The sixty-year-old can maintain her commitment to not quite making it to the top, and to finding just the right moment to jump ship.
Jerusalem, July 26 – Congratulations to a veteran lawmaker poured in today following the announcement that Labor Party chief Avi Gabbay will step aside as Opposition Leader in favor of ally Tzipi Livni, who leads the HaTnua Party, Labor’s partner in the Zionist Union alliance, allowing Livni to hold the position for as long as she remains in politics.
The sixty-year-old Livni, if she remains healthy, can continue her political career for at least another decade, according to analysts, and maintain her commitment to not quite making it to the top, and to finding just the right moment to jump ship.
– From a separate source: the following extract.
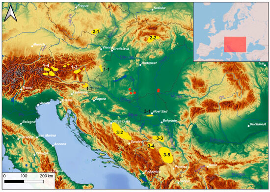 The location of archaeological sites (red dots) of the examined ‘whitestone’ polished stone tools with the serpentinized ultramafic rocks around the Carpathian Basin (yellow shapes with numbers). Alpine serpentinites: (1-1) Burgenland, (1-2) Pohorje, (1-3) Styria, (1-4) Hohe Tauern. (2-1) Serpentinites of the Sudetes, and (2-2) of the Carpathians, Southern Slovakia. Vardar–Dinarid serpentinites: (3-1) Fruška Gora, (3-2) Srednja Bosna, (3-3) Šumadija, (3-4) Zlatibor, (3-5) Kopaonik. The maps are provided by https://maps-for-free.com/layer/relief/z{z}/row{y}/{z}_{x}-{y}.jpg, accessed on 6 March 2025. The projection is in EPSG:23700; HD72/EOV for the maps. Map made by Kata Furholt.
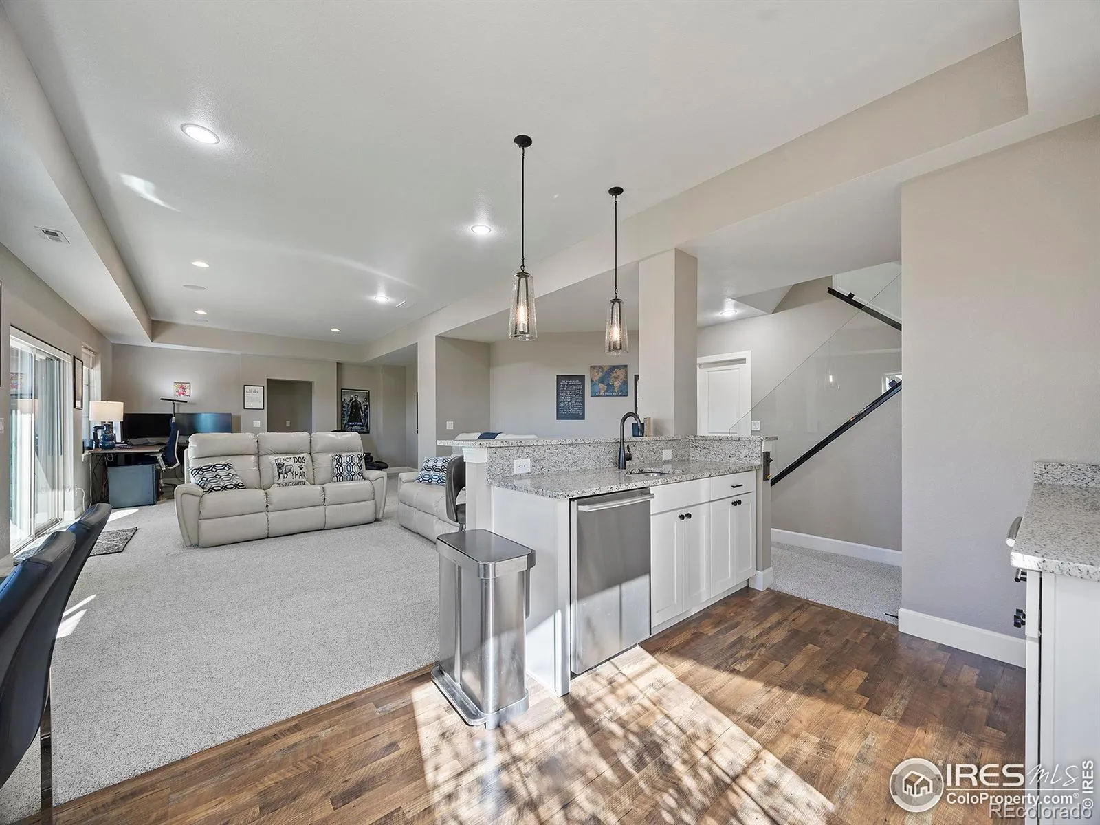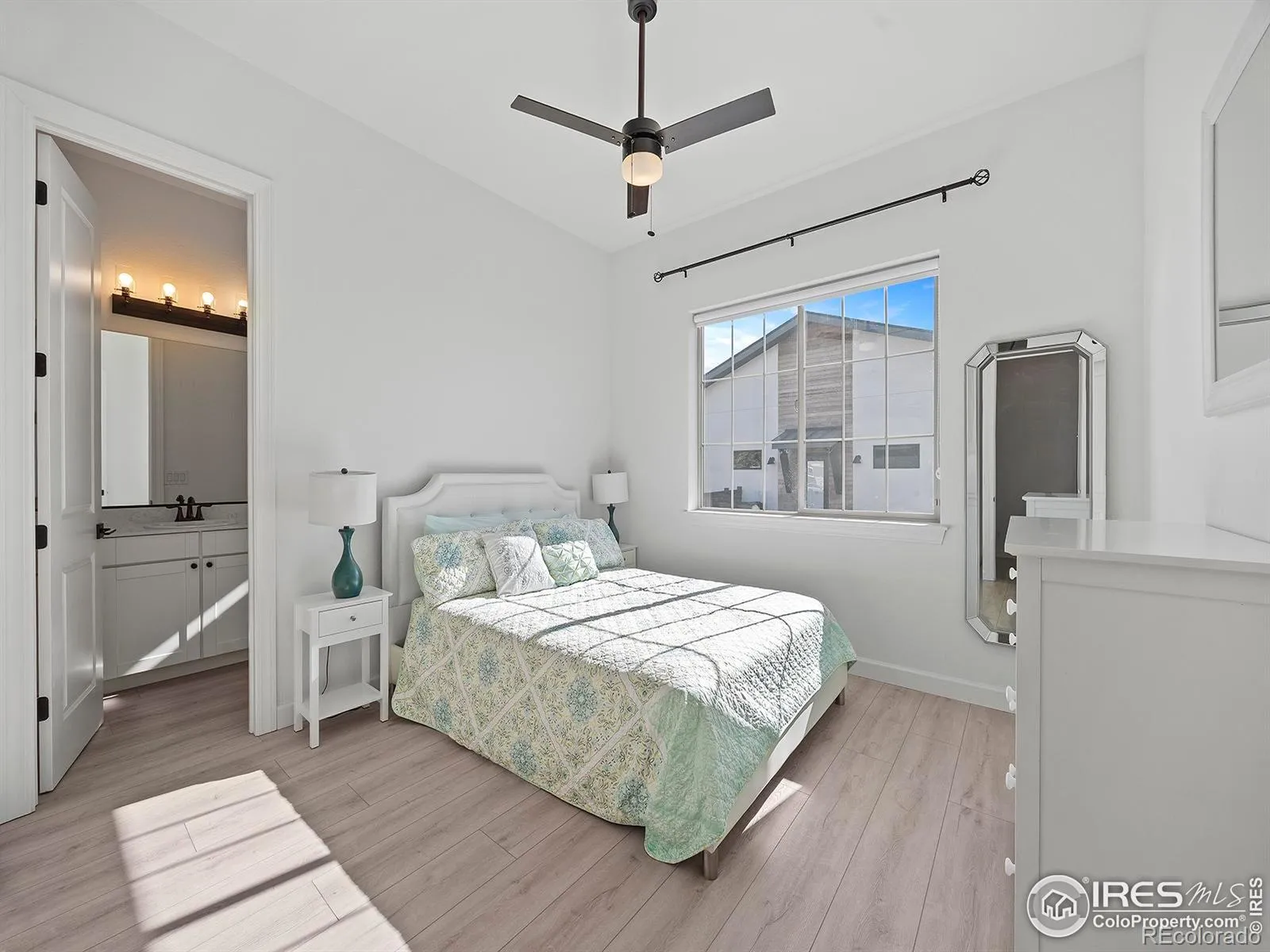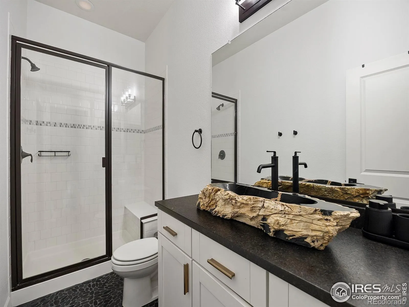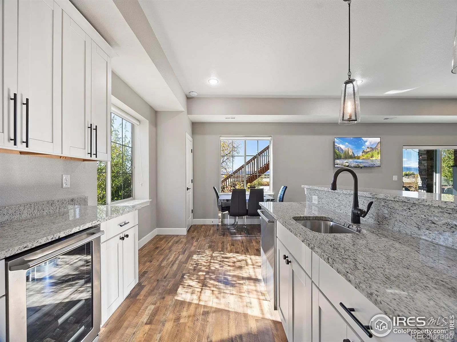 Scandi-Modern design on one of the most coveted vistas in NoCo. Step inside & the panorama unfolds-sweeping views of the Rockies & the Poudre River frame vaulted interiors & artisan finishes. The kitchen is the home’s statement of craft: white-oak slab cabinetry, mitered Bianco Superiori quartzite waterfall counters, & a warm black-walnut eat-in extension that hovers beside a stone fireplace flanked by architectural glass wine displays. Precision fluted wood flows through the kitchen into the oversized wet bar along the dining room. Hand-selected Scandinavian one off lighting illuminate the space with an effortless glow.In the great room, an 18-foot custom Venetian-style fireplace rises like an art installation, drawing the eye toward Cloud pendants above. A 14-ft sliding glass wall opens to a covered terrace where mountain vistas & the quiet presence of cattle grazing along the oxbows of the river create a cinematic backdrop.The main level features a refined guest or in-law suite, exquisite powder room with dimensional tile, a floating vanity, and a petrified-wood sink + a generously proportioned office.Ascend the custom glass staircase & cross the airy catwalk to the dedicated Owner’s Wing-a private retreat where you awake each day greeting the granite peaks. The primary bath has wonderful texture & detail, with handcrafted mirrors, floor-to-ceiling tile + a freestanding soaking tub leading into a 400 sf split dressing suite. Two additional secondary beds-each with its own en-suite bath & walk-in closet complete the upper level.The walk-out lower level offers a full wet bar, a generous rec & media area + a large home gym and direct access to the hot tub. The lower level also has two additional private bedrooms. 4 garage bays for all your toys and the beautifully landscaped lot lets you tend your bounty of organic veggies from raised garden beds as you soak up the Colorado sun. A residence of this caliber with this view is rarely offered.

“This is quite an exciting time for her,” observed veteran commentator Hanan Crystal during a segment on a morning radio program. “My colleagues and I predict that if all remains stable around her, Livni will retire from politics as Opposition Leader sometime in the middle of next decade.”
A secondary possibility, note some commentators, involves Livni identifying an opportunity to ally herself with a rising star or promising movement outside her own, leaving her current associates to clear the wreckage or also abandon HaTnua in short succession. “Of course she might follow the pattern she’s established already,” remarked Yediot Aharonot columnist Nahum Barnea. “Remember she used to be the next big thing in the Likud, when Ariel Sharon was in power? She even served as Minister of Justice. Then when he formed Kadima to ramrod the Gaza Disengagement through, she skipped Likud along with many others, leaving the party in a shambles that Netanyahu had to rebuild. She even rose to the top of Kadima after [Prime Minister Ehud] Olmert had to resign over corruption charges. But even after beating Likud in the 2009 election, she couldn’t form a coalition, and she knew Kadima’s days were numbered – so she jumped ship again and formed her own party.”
“She’s basically toxic to right-wing parties,” continued Barnea. “And since the electorate isn’t buying what the Left is selling, well, she won’t be part of any foreseeable coalition in the next government, either. If she does abandon her train wreck of a party again to form a new one just to ally with someone else, she’ll make sure she gets to be head of the Opposition as part of the agreement, no matter how few parliamentary seats her party actually accounts for.”
“But right now she’s in her element,” added Crystal. “That is, criticizing Netanyahu for not implementing things that never worked but that sound good and make her look like a responsible, visionary stateswoman.”